No que diz respeito à mitigação dos efeitos das mudanças climáticas, a agricultura representa uma oportunidade significativa. Além disso, os agricultores são fundamentais para a criação de sumidouros de carbono e a redução da poluição atmosférica. Para se ter uma ideia, a agricultura contribui com 15% da poluição total por carbono.
Felizmente, porém, as práticas agrícolas modernas e o grande investimento em tecnologia podem diminuir as emissões, visto que as mudanças climáticas podem causar estragos catastróficos sem os esforços concertados de remoção de carbono.
Em relação ao preço dos créditos de carbono, este depende da oferta e da procura. O preço do crédito está condicionado à disponibilidade dos compradores em pagar, além dos custos administrativos.
*Extension.missouri.edu – tipos e fontes de GEE agrícolas
Perguntas frequentes
1. O que é compensação de emissões de carbono e programa de compensação de carbono?
A compensação de emissões de carbono refere-se ao processo de compensar as emissões de gases de efeito estufa produzidas por indivíduos, organizações ou indústrias, apoiando projetos que reduzem ou removem uma quantidade equivalente de dióxido de carbono da atmosfera.
Esses projetos podem incluir iniciativas como reflorestamento, desenvolvimento de energia renovável ou investimento em eficiência energética.
A compensação das emissões de carbono permite que indivíduos e empresas assumam a responsabilidade pela sua pegada de carbono e contribuam para os esforços globais no combate às mudanças climáticas. É uma medida proativa para alcançar um futuro neutro em carbono ou com baixas emissões de carbono.
2. O que é carbono?
O carbono é um elemento químico essencial para a vida na Terra. É o componente básico dos compostos orgânicos e forma a base de todos os organismos vivos.
O carbono existe em várias formas, incluindo grafite e diamantes, e desempenha um papel crucial no ciclo do carbono, que envolve a troca de carbono entre a atmosfera, as plantas, os animais e a geosfera da Terra.
Além disso, o carbono é um componente essencial dos gases de efeito estufa, como o dióxido de carbono, que contribuem para as mudanças climáticas quando seus níveis aumentam na atmosfera.

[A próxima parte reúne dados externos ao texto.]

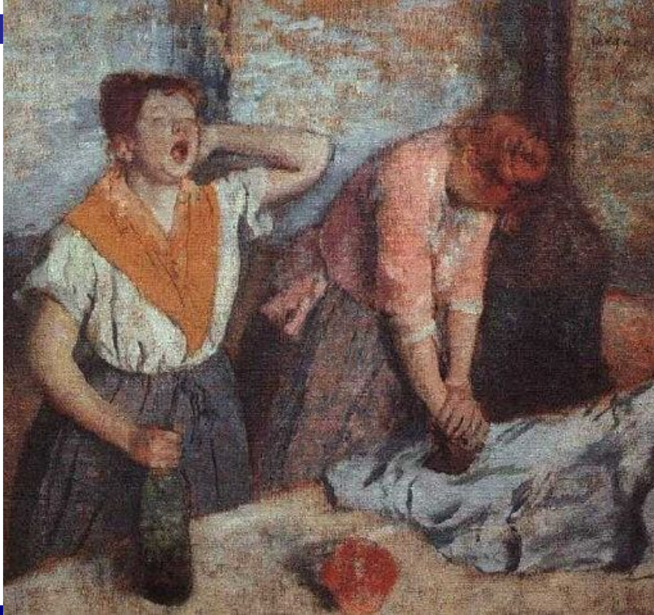
Гладильщицы. Эдгар Дега (1884)

3. Como ganhar créditos de carbono?
A obtenção de créditos de carbono envolve a implementação de práticas ou projetos que reduzem as emissões de gases de efeito estufa. Ao quantificar as reduções de emissões alcançadas, indivíduos, organizações ou indústrias podem obter créditos de carbono.
Esses créditos podem então ser vendidos ou negociados com entidades que buscam compensar suas próprias emissões, contribuindo para as metas globais de redução de carbono e, potencialmente, gerando retornos financeiros.
4. Quantas árvores são necessárias para compensar a pegada de carbono de uma pessoa?
O número de árvores necessárias para compensar a pegada de carbono de uma pessoa pode variar dependendo de diversos fatores, incluindo seu estilo de vida e emissões de carbono. Em média, estima-se que uma árvore possa absorver cerca de 22 quilos de dióxido de carbono por ano.
Para dar uma estimativa aproximada, a pegada de carbono de uma única pessoa, por exemplo, de 10 toneladas métricas de emissões de CO2 por ano, exigiria o plantio de aproximadamente 455 árvores para ser compensada.
No entanto, é importante ressaltar que o plantio de árvores é apenas um aspecto da compensação de carbono, e uma abordagem abrangente que inclua outras iniciativas é frequentemente necessária para alcançar a neutralidade de carbono de forma efetiva.